Given:
Consider the given expression is
[tex](4x^3y^2)^{\frac{3}{10}}[/tex]
To find:
The radical form of given expression.
Solution:
We have,
[tex](4x^3y^2)^{\frac{3}{10}}=(2^2)^{\frac{3}{10}}(x^3)^{\frac{3}{10}}(y^2)^{\frac{3}{10}}[/tex]
[tex](4x^3y^2)^{\frac{3}{10}}=(2)^{\frac{6}{10}}(x)^{\frac{9}{10}}(y)^{\frac{6}{10}}[/tex]
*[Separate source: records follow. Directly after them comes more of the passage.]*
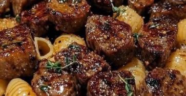 Garlic Butter Steak Bites & Creamy Parmesan Shells
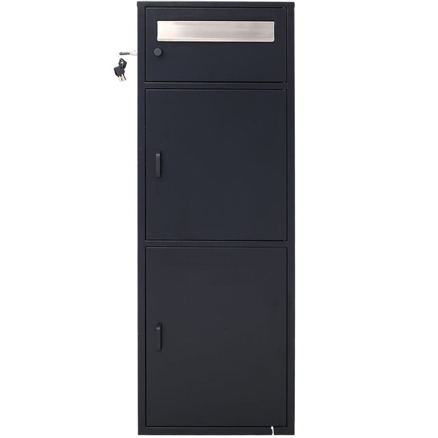 Large Steel Freestanding Floor Parcel Package Drop With Locking Letterbox Drop Mail Box With Multi Compartments - Black
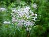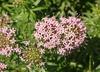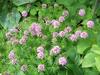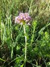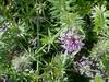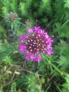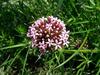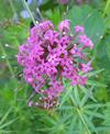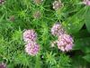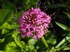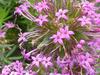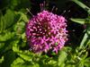 Kwiaty obupłciowe, siedzące, zebrane w główkowaty, szczytowy kwiatostan wsparty wolnymi, lancetowatymi listkami u nasady o długości do 12 mm. Kwiatostan ma kształt półkulisty do niemal kulistego i średnicę do 3 cm. Kielich silnie zredukowany. Korona kwiatu różowoliliowa, u form uprawnych do różowopurpurowej, z rurką długości do 15 mm i pięcioma rozpostartymi łatkami o długości 3 mm. Pręcików pięć, o krótkich nitkach, schowane w rurce korony. Zalążnia gładka, dwukomorowa, w każdej z komór z pojedynczym zalążkiem. Szyjka słupka długa, daleko wystająca z rurki korony, maczugowata, karmazynowa, na szczycie płytko wycięta.
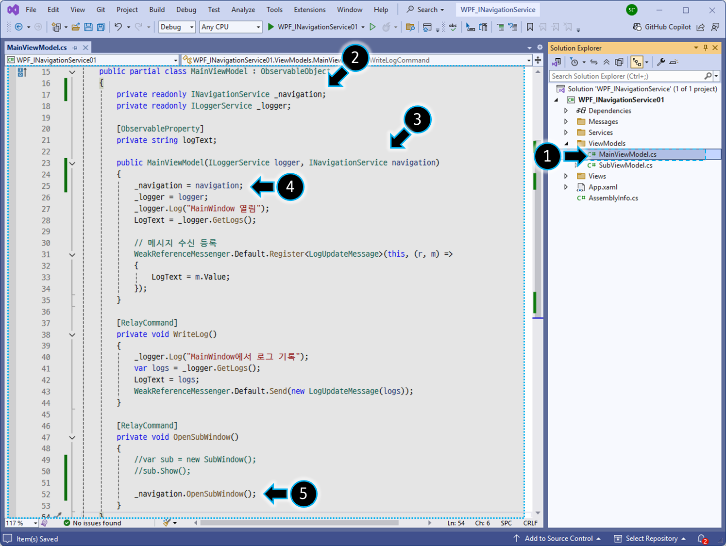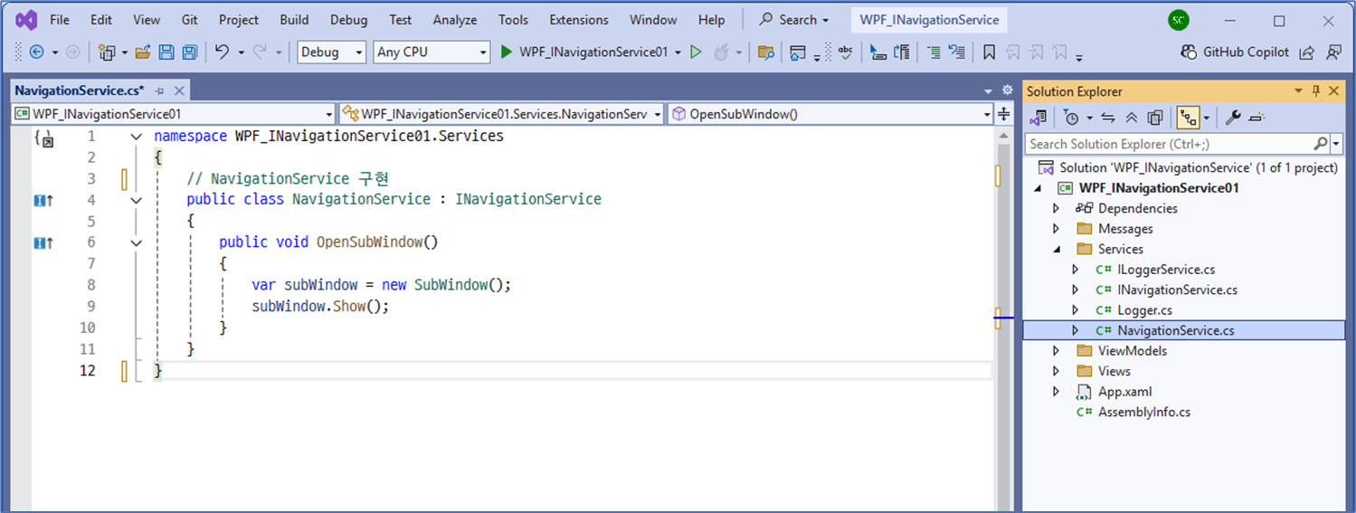 • 이렇게 하면 ViewModel은 UI(Window)를 직접 알 필요 없이 Navigation 요청만 수행하므로 MVVM 원칙을 더욱 충실히 구현
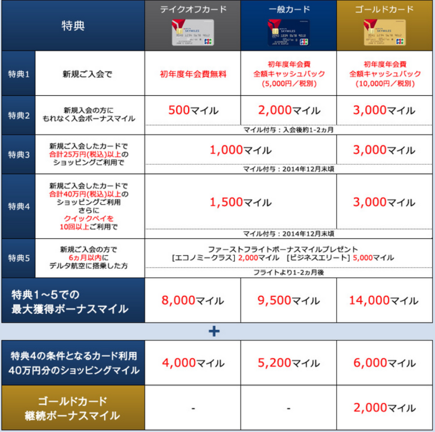 そして今らなテイクオフカードで12000マイル、一般カードで14700マイル、ゴールドカードなら最大22000マイル貰うことができます。

[tex](4x^3y^2)^{\frac{3}{10}}=(2)^{\frac{3}{5}}(x)^{\frac{9}{10}}(y)^{\frac{3}{5}}[/tex]
[tex](4x^3y^2)^{\frac{3}{10}}=\sqrt[5]{2^3}\sqrt[10]{x^9}\sqrt[5]{y^3}[/tex] [tex][\because x^{\frac{1}{n}}=\sqrt[n]{x}][/tex]
[tex](4x^3y^2)^{\frac{3}{10}}=\sqrt[5]{8y^3}\sqrt[10]{x^9}[/tex] [tex][\because x^{\frac{1}{n}}=\sqrt[n]{x}][/tex]
Therefore, the required radical form is [tex]\sqrt[5]{8y^3}\sqrt[10]{x^9}[/tex].